Già ieri l’insegnante genovese aveva pubblicato sul suo profilo Facebook un duro post in cui chiedeva pubblicamente che cosa le venisse contestato: «Lista non idonea? 1) fedina penale linda e pulita, 2) militanza con altri partiti? Non pervenuta. 3) precedenti candidature in liste concorrenti al M5s? Non
pervenute 4) anni di attivismo sul territorio? Pervenuti. 5) lavoratori e lavoratrici economicamente indipendenti? Pervenuti. ... ma allora? Di che stiamo parlando?». In precedenza, subito dopo che le era stato tolto il simbolo, Cassimatis aveva sollecitato dai vertici del M5S la documentazione in loro possesso dalla quale avrebbero dedotto il danno all’immagine del Movimento. «Voglio sapere cosa c’è scritto in quei documenti», aveva spiegato. «Li ho chiesti, aspetto risposte. Per ora non ho ricevuto nulla: né documenti, né una telefonata da Grillo».

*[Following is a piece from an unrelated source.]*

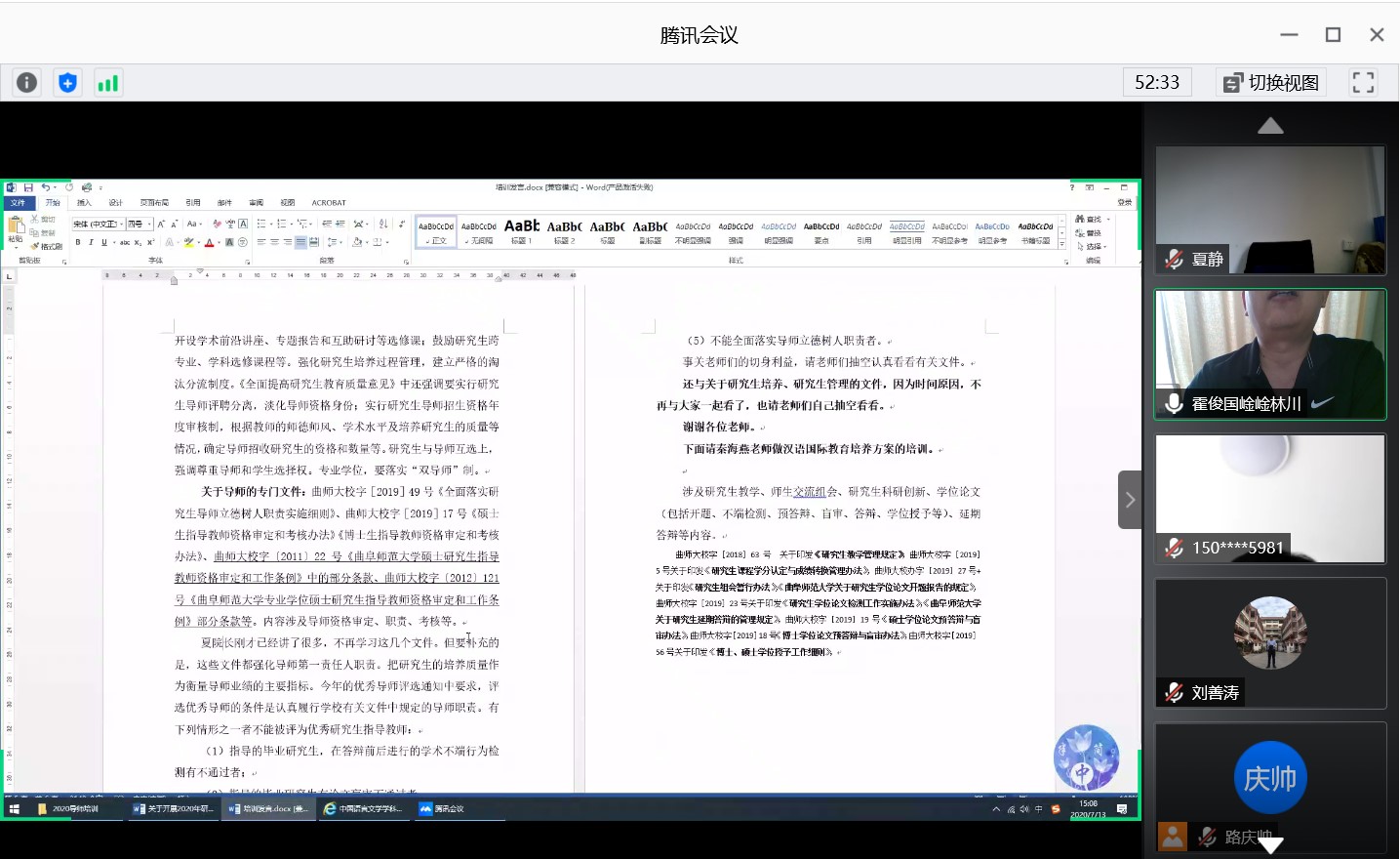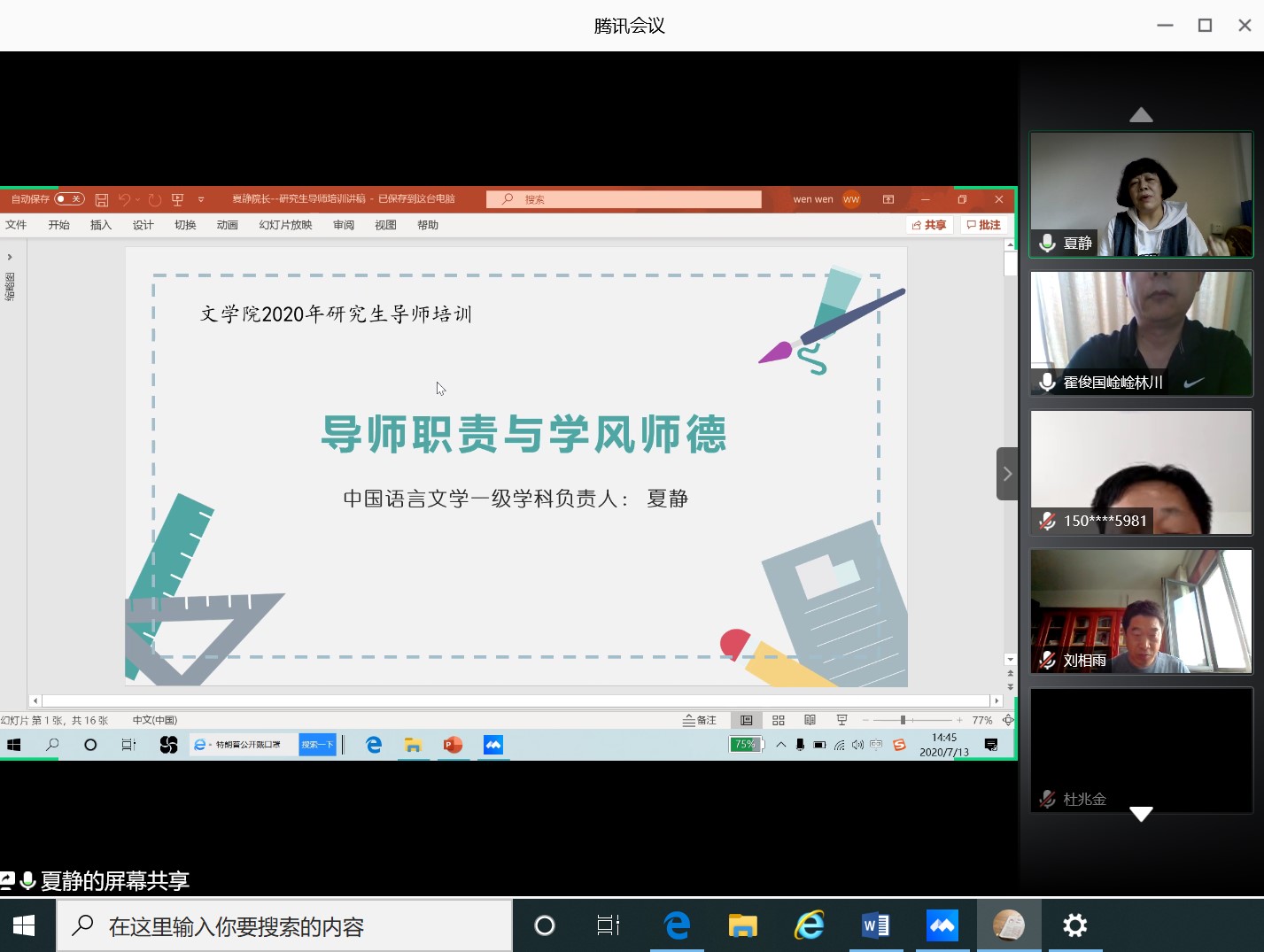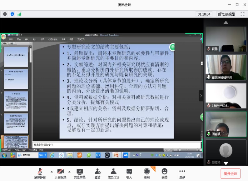 为进一步提高研究生导师指导能力、保证研究生培养质量,根据学校决定和要求,7月13日下午,桃花族论坛 举办了2020年研究生导师线上培训会,全体研究生导师参加了此次会议。会议由院长助理霍俊国副教授主持。

La prima querela di un esponente M5S al capo politico
Grillo alle querele (sue e altrui) è abituato: nel 2015 è stato condannato dal tribunale di Ascoli Piceno a un anno di carcere per aver diffamato il docente di ingegneria Franco Battaglia, accusandolo durante un comizio di essere un «consulente delle multinazionali». Da ultimo è stato querelato dal Pd per un post sul blog ritenuto calunnioso nei riguardi dell’ex ministra allo Sviluppo economico, Federica Guidi, in relazione all’inchiesta sul petrolio in Basilicata. Vicenda dalla quale è scaturito il mistero sulla titolarità del blog, visto che Grillo sostiene di essere responsabile soltanto dei contenuti da lui firmati. Ma è la prima volta che il capo politico del M5S viene querelato per diffamazione da una esponente del Movimento, che la base avrebbe voluto candidata nella sua città, dilaniata dalle faide interne.

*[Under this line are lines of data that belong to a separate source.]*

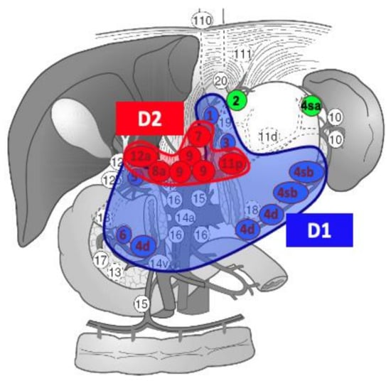 6]. In the East, gastrectomy with D2 lymphadenectomy is considered the gold standard for resectable gastric cancer. Concerning the findings in the Western population, in 2020 the 15-year follow up results of the Dutch Gastric Cancer Group Trial were published, and D2 lymphadenectomy was associated with a lower local recurrence (12% vs. 22% in the D1 group) and regional recurrence (13% vs. 19%). Although there was no difference in overall survival between the two groups (OS was 21% in the D1 group versus 29% in the D2 group,
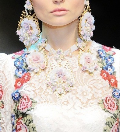 繁复的印花,宫廷感十足的剪裁,大量的珠宝配饰,DOLCE&GABBANA 2012秋冬秀场用惊艳来形容绝对不为过。这一季模特所佩戴的发饰、耳环、项链以及手链都极具有巴洛克风情,虽然繁复,但美得窒息。闪亮的吊坠长耳环&皇冠头饰摇曳生姿,仿佛一位位从画中走出的女子。
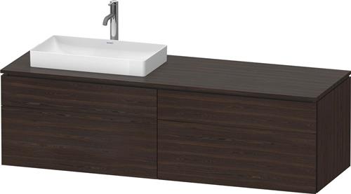 Duravit L-Cube Konsolenwaschtischunterbau wandhängend · 1600x550 mm · Farbe Front: Nussbaum (gebürstet) Matt · Farbe Korpus: Nussbaum (gebürstet) Matt · Anzahl Auszüge: 2 · Anzahl Schubkasten: 2 · Anzahl Ausschnitte: 1 · Siphonausschnitt · Inkl. Konsolenplatte · T
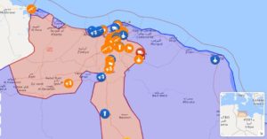 I morgentimen har krigslykken snudd, og Haftars styrker står nå i utkanten av Tripoli. Kartet over viser frontene ved 11-tiden på lørdag. Interesserte kan følge live oppdatering her. Utviklingen skjer raskt og Al-Jazeeras sak fra lørdag morgen om at det er frykt for full-skala krig synes allerede utdatert.

Martedì udienza a Roma su regolamento e non statuto
Sono i dissidenti espulsi, finora, ad aver reclamato giustizia. Sostenuti dall’avvocato Borrè, nel 2016 tre attivisti romani esclusi dalle comunarie nella capitale sono stati riammessi. Allo stesso modo, il tribunale di Napoli ha sospeso l’espulsione di una trentina di attivisti partenopei affermando che i provvedimenti sono stati adottati in forza di un regolamento da ritenersi nullo. Quel regolamento, insieme al non statuto, è stato modificato lo scorso ottobre e “ratificato” con un voto online. Ma i due documenti sono stati impugnati da tre iscritti rappresentati da Borrè, che ne chiedono la nullità. Sotto accusa soprattutto l’«inesistenza di delibera assembleare» (il via libera alle modifiche è stato accordato con la partecipazione al voto sul web da parte del 64% dei 135mila iscritti, lontano dal quorum del 75% previsto dal Codice civile per le associazioni non riconosciute), la «distorsione informativa circa le finalità di votazione» e, nel merito, la «violazione del principio paritario dell’uno vale uno, attribuendo al capo politico e al comitato d’appello poteri decisionali superiori a quelli di un singolo associato» e la composizione del collegio dei probiviri. Davanti alla terza sezione civile del tribunale di Roma è stato chiamato Grillo in persona, in qualità di rappresentante legale dell’associazione M5s.